Exercise aim :: Copy each entry below verbatim. Skip the pictures.

··· Listed records ···

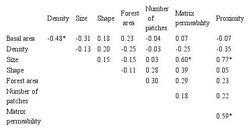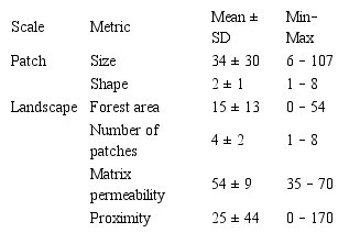 We conducted a supervised classification by visual inspection (ESRI ArcGIS 9.3) using a fine resolution orthophotograph (0.6m) to determine the land cover within a 1000-m radius of the center of each focal patch. We considered this size of radius so that the landscape established around the focal patches were represented adequately for all the species and the buffer zones did not overlap with each other. We also considered the dispersal capacity in the matrix of congener species to those monitored in the present study (Glander, 1992; Mandujano et al., 2004). The land cover of a given area was assigned to one of six categories: forest, pasture, cropland, human settlement, non-forest vegetation, and water. We calculated the size of each focal patch, and its shape and the proximity index using 800 m as the specified distance from the focal patch (McGarigal, Cushman, & Ene, 2012). The proximity index increases as the neighborhood is occupied increasingly by patches of the same type, and as these become close to each other and more contiguous (or less fragmented) in their distribution. We also calculated the area and number (fragmentation level) of all the forest patches observed within the landscape (Fragstats v. 4.2), as well as the permeability matrix index (PI), based on Arroyo-Rodríguez et al., (2013b). The PI is calculated by multiplying the percentage of each land cover category within the landscape by its relative permeability. The permeability of a given type of land cover was defined by the similarity of its vegetation structure with that of the forest, weighted as follows: 1 (water, lowest permeability), 2 (human settlement), 3 (cattle pasture), 4 (cropland), 5 (non-forest vegetation) and 6 (forest, highest permeability). The PI values recorded in the present study ranged from 16.6 (100% of the matrix composed by water) to 100 (100% of the matrix composed by forest).
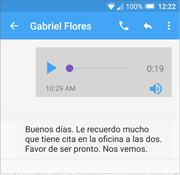 El mensaje se reproducirá automáticamente. Si está suscrito al servicio Premium la transcripción aparece debajo de la pantalla de reproducción.
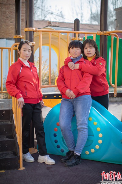 12月11日,大名县孙甘店镇幼儿园,(从左至右)志愿者教师张艳红、梁妹霞、李现花。她们从幼教专业毕业,90后李现花已经在这里工作了3年多。
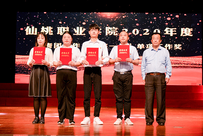 在热烈的掌声中,全院五四红旗团总支、全院五四红旗团支部、十佳团支部书记、优秀共青团干部、优秀共青团员、“一院一品”共青团工作品牌等先进集体和个人先后上台受奖。
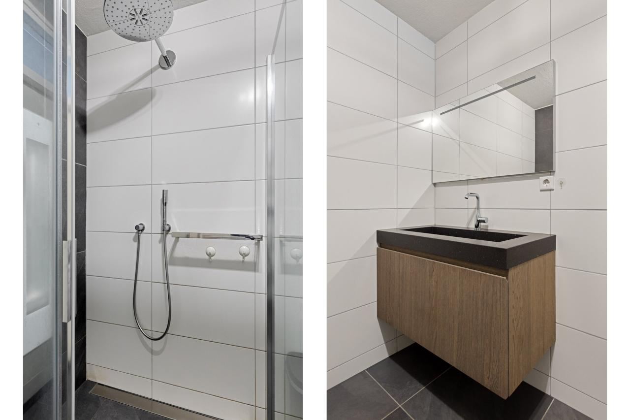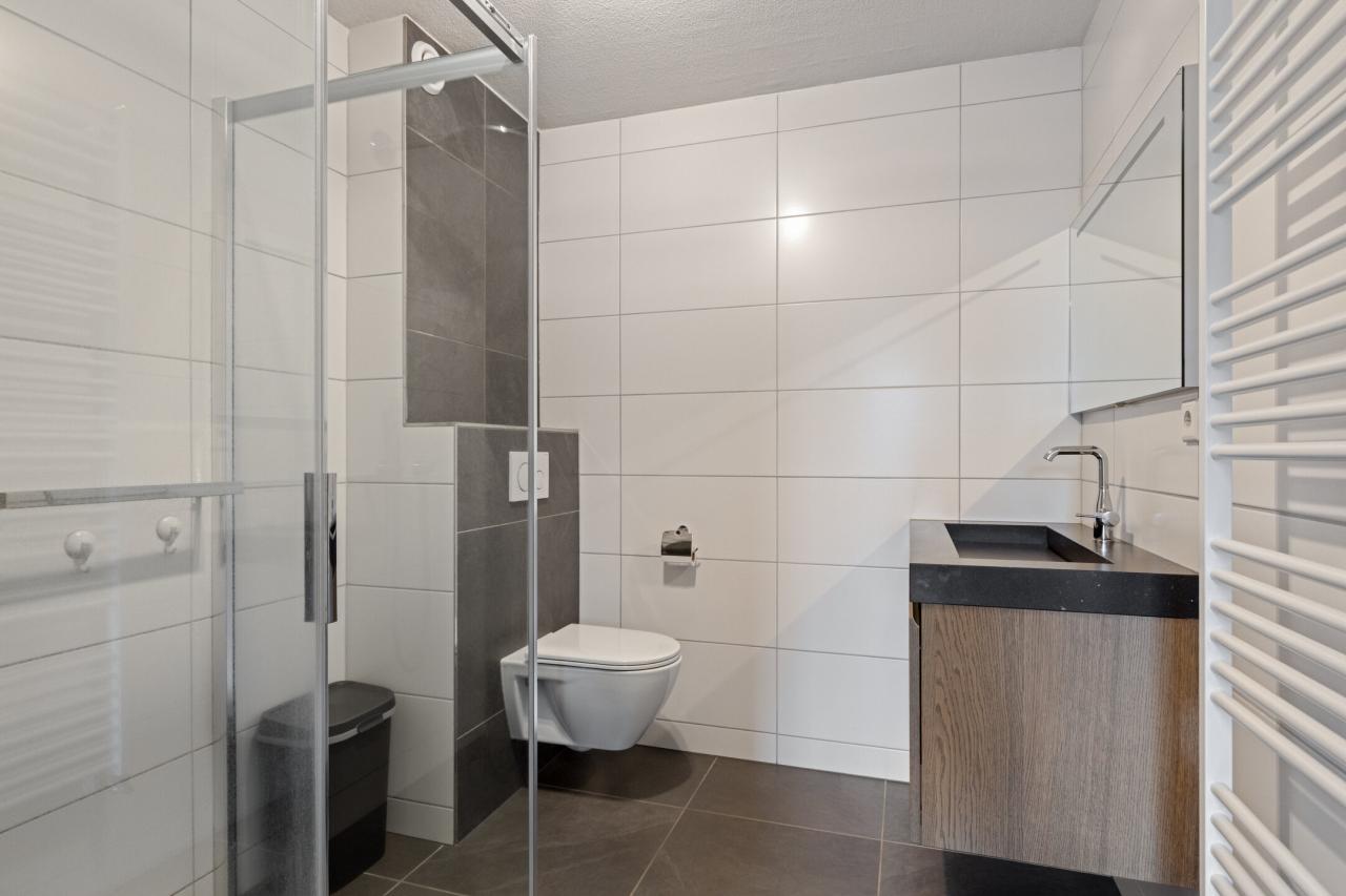 De badkamer is in 2021 gerenoveerd en voorzien van modern tegelwerk, een inloopdouche met Sunshower, een wastafelmeubel met spiegel en een toilet.

···

Answer area ::
 We conducted a supervised classification by visual inspection (ESRI ArcGIS 9.3) using a fine resolution orthophotograph (0.6m) to determine the land cover within a 1000-m radius of the center of each focal patch. We considered this size of radius so that the landscape established around the focal patches were represented adequately for all the species and the buffer zones did not overlap with each other. We also considered the dispersal capacity in the matrix of congener species to those monitored in the present study (Glander, 1992; Mandujano et al., 2004). The land cover of a given area was assigned to one of six categories: forest, pasture, cropland, human settlement, non-forest vegetation, and water. We calculated the size of each focal patch, and its shape and the proximity index using 800 m as the specified distance from the focal patch (McGarigal, Cushman, & Ene, 2012). The proximity index increases as the neighborhood is occupied increasingly by patches of the same type, and as these become close to each other and more contiguous (or less fragmented) in their distribution. We also calculated the area and number (fragmentation level) of all the forest patches observed within the landscape (Fragstats v. 4.2), as well as the permeability matrix index (PI), based on Arroyo-Rodríguez et al., (2013b). The PI is calculated by multiplying the percentage of each land cover category within the landscape by its relative permeability. The permeability of a given type of land cover was defined by the similarity of its vegetation structure with that of the forest, weighted as follows: 1 (water, lowest permeability), 2 (human settlement), 3 (cattle pasture), 4 (cropland), 5 (non-forest vegetation) and 6 (forest, highest permeability). The PI values recorded in the present study ranged from 16.6 (100% of the matrix composed by water) to 100 (100% of the matrix composed by forest).
 El mensaje se reproducirá automáticamente. Si está suscrito al servicio Premium la transcripción aparece debajo de la pantalla de reproducción.
 12月11日,大名县孙甘店镇幼儿园,(从左至右)志愿者教师张艳红、梁妹霞、李现花。她们从幼教专业毕业,90后李现花已经在这里工作了3年多。
 在热烈的掌声中,全院五四红旗团总支、全院五四红旗团支部、十佳团支部书记、优秀共青团干部、优秀共青团员、“一院一品”共青团工作品牌等先进集体和个人先后上台受奖。
 De badkamer is in 2021 gerenoveerd en voorzien van modern tegelwerk, een inloopdouche met Sunshower, een wastafelmeubel met spiegel en een toilet.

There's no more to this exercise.